----- PROVIDED INFORMATION -----

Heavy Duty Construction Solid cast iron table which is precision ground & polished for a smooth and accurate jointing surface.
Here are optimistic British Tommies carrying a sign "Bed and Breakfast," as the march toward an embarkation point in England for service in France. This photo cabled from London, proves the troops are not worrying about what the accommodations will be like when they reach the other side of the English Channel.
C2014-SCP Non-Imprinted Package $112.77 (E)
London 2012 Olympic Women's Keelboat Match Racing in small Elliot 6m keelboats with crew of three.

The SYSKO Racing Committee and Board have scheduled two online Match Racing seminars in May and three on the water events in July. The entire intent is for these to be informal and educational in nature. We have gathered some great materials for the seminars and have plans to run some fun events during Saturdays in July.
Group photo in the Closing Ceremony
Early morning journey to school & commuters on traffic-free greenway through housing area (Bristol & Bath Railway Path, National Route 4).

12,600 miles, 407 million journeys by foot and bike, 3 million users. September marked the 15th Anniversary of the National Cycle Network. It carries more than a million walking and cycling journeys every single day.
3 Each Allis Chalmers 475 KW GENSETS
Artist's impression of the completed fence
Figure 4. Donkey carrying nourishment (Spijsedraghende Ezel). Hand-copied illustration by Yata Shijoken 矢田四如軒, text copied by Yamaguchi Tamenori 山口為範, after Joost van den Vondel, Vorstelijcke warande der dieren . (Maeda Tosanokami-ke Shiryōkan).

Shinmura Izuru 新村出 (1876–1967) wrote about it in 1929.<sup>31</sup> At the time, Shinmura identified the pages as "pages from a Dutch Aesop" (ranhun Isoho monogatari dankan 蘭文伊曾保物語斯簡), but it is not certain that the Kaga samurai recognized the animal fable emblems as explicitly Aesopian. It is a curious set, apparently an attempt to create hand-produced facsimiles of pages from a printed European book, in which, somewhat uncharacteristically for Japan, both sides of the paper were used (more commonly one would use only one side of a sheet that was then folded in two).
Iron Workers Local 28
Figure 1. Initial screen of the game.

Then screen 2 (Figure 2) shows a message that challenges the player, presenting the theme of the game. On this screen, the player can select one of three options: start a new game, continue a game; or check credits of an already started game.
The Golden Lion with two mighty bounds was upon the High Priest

-----
----- PROVIDED INFORMATION -----

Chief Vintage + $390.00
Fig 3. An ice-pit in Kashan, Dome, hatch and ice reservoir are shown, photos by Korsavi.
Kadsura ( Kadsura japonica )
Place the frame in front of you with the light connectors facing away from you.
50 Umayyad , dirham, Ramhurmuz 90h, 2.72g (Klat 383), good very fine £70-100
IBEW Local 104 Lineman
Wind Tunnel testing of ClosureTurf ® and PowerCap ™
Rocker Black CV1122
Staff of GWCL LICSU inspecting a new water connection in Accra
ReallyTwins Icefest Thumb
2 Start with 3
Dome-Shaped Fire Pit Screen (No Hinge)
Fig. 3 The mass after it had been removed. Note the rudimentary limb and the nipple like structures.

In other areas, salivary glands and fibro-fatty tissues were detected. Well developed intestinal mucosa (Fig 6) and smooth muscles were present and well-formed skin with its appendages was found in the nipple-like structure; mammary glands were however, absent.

-----

ASSIGNMENT: If a line of the listing above holds the string "Dome", copy it.

RESPONSE:
Fig 3. An ice-pit in Kashan, Dome, hatch and ice reservoir are shown, photos by Korsavi.
Dome-Shaped Fire Pit Screen (No Hinge)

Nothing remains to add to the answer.